*TASK GOAL*.
Instruction for the data below: set down exactly the lines from the line with "В Казанском полку" to the line with "Im geräumigen Wohnzimmer", inclusive, and no others.

*GIVEN RECORDS*.
Start of Block
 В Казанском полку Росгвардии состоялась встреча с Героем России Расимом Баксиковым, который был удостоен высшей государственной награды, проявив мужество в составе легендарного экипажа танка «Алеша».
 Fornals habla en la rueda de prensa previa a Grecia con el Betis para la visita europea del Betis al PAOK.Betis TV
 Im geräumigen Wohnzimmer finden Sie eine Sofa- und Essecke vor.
End of Block
Start of Block
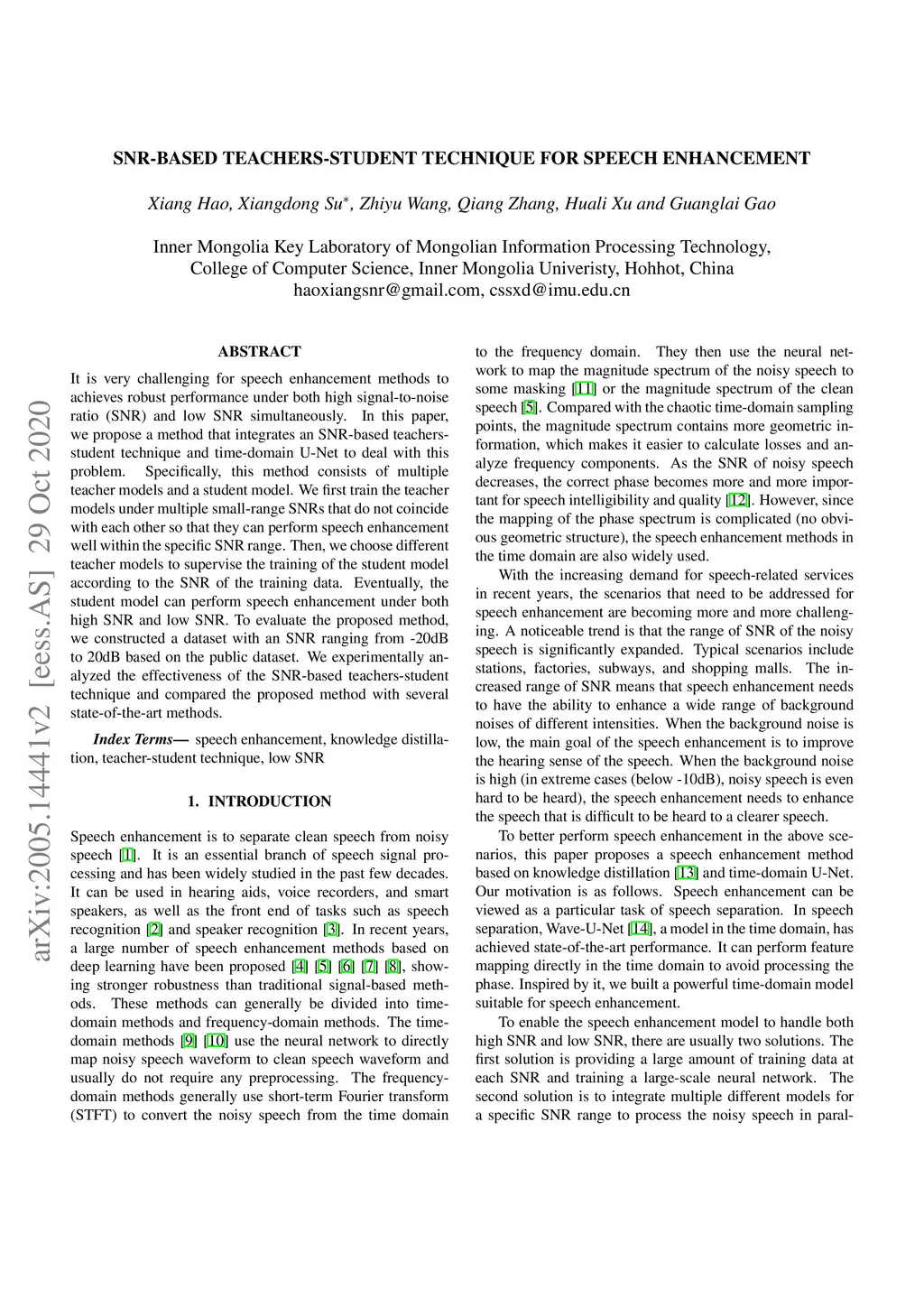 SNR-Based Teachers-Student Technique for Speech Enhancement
End of Block
*RESULT OF THIS EXERCISE*.
 В Казанском полку Росгвардии состоялась встреча с Героем России Расимом Баксиковым, который был удостоен высшей государственной награды, проявив мужество в составе легендарного экипажа танка «Алеша».
 Fornals habla en la rueda de prensa previa a Grecia con el Betis para la visita europea del Betis al PAOK.Betis TV
 Im geräumigen Wohnzimmer finden Sie eine Sofa- und Essecke vor.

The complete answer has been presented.